Then I was leaving high school and going off to college and there was Frank Miller's The Dark Knight Returns. In 16 panels to the page, we watched the murder of Batman's parents, or rather we watched young Bruce react to that murder. We saw the father's hand on Bruce's shoulder, saw the finger squeeze the trigger, saw the shells leap from the gun, saw the father's hand clench and then relax, saw the mother's pearls stretch and snap and clatter to the ground.
Those pearls kept falling.
From The Dark Knight Returns by Frank Miller and Klaus Janson, published by DC.
Tim Burton's Batman was released in 1989, the year that I graduated from college, the year that my father died. Bruce and his parents leave the Monarch Theatre. The boy is still carrying his popcorn. Jack Napier appears, gun in hand. They all do their dance, their endless dance with the devil in the pale moonlight. Again the pearls fall, with the popcorn, in the rain.
I don’t know why these stories hit me so hard, don’t know why they are so compelling, don't know why they grab me by the scruff of the neck and make me sit up straight, except that they are so universally true, they are so much about loss and responsibility and guilt.
They make me want to be a superhero, to make my parents proud, to honor their memory, to avoid their mistakes. I want to be Batman when I grow up. I want to be Spider-Man.
So I stare at these pages in Convergence, not believing that something in this series has moved me. Then I do the math.
In two years, in the summer of 2017, I will turn 50. That same summer my wife and I will celebrate our 25th wedding anniversary. My oldest child, a son, will turn 18 and graduate from high school. My youngest child, a daughter, will become a teenager.
I do the math and I read the page again. I notice what the Dick Grayson who is not Robin has to say. He says, "It’s the time you need to hear the truth."
The truth. I think of a song by Staind, a song called "Fade" that goes: "Now I'm older and I feel like I could let some of this anger fade."

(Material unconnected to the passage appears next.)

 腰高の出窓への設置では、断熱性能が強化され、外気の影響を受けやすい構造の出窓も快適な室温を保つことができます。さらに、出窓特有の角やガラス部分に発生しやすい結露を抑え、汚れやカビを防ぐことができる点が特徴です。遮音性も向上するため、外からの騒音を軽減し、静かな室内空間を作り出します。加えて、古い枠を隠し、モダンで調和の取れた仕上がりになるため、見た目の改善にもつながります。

I realize this is the truth and that it is not just the anger that can fade, but also the guilt and the pain and the loss—the past. No longer looking back but, ironically enough here at mid-life, finally looking forward. Not just living in shadows, but casting shadows. No, better yet, casting light.

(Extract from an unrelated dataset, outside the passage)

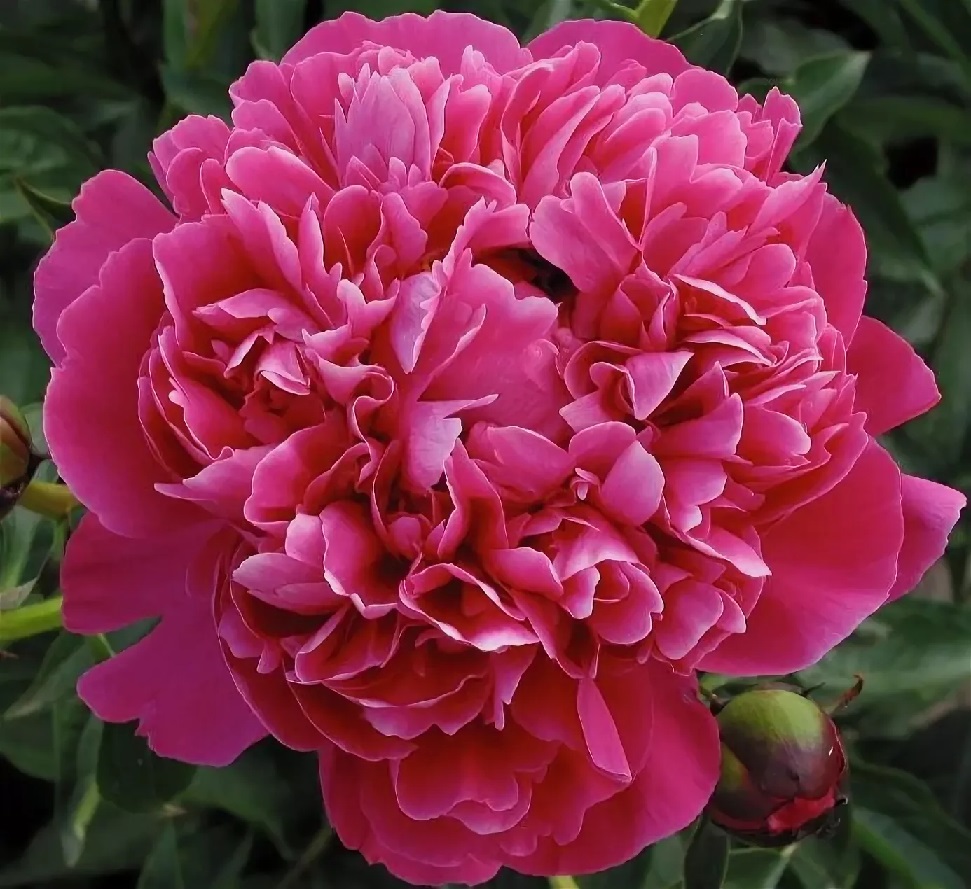 Канзас - высота растения 70-100 см. Срок цветения среднеранний. Цветок махровый, розовидный, 17-20 см в диаметре. Лепестки красные, плотно сложены. В зависимости от погодных условий форма и окраска цветка могут меняться. Цветение обильное. Бутон хорошо раскрывается. Золотая медаль Американского общества цветоводов 1957 г. Чемпион национальной выставки пионов США 1950 г.

The truth. My children are much closer than I am to the age Peter Parker was when he was bitten by that spider, to the age Bruce Wayne was when the bat flew through that open window or crashed through that closed pane. It is their lives that hold the promise for heroism, more promise than my own does today, more promise, if truth be told, than mine ever did.
So while the anger fades with the grief and the guilt, the responsibility remains, a responsibility not to the past but to the future, to their future. This must be something that Uncle Ben, a parent, knew even better than Peter, a truth that he lived until he died. With great power comes great responsibility.
Then it hits me. The truth.
I don’t want to be Bruce Wayne. I want to be his father. I don't want to be Spider-Man. I want to be Uncle Ben.
The way that I read comic books may have just changed forever.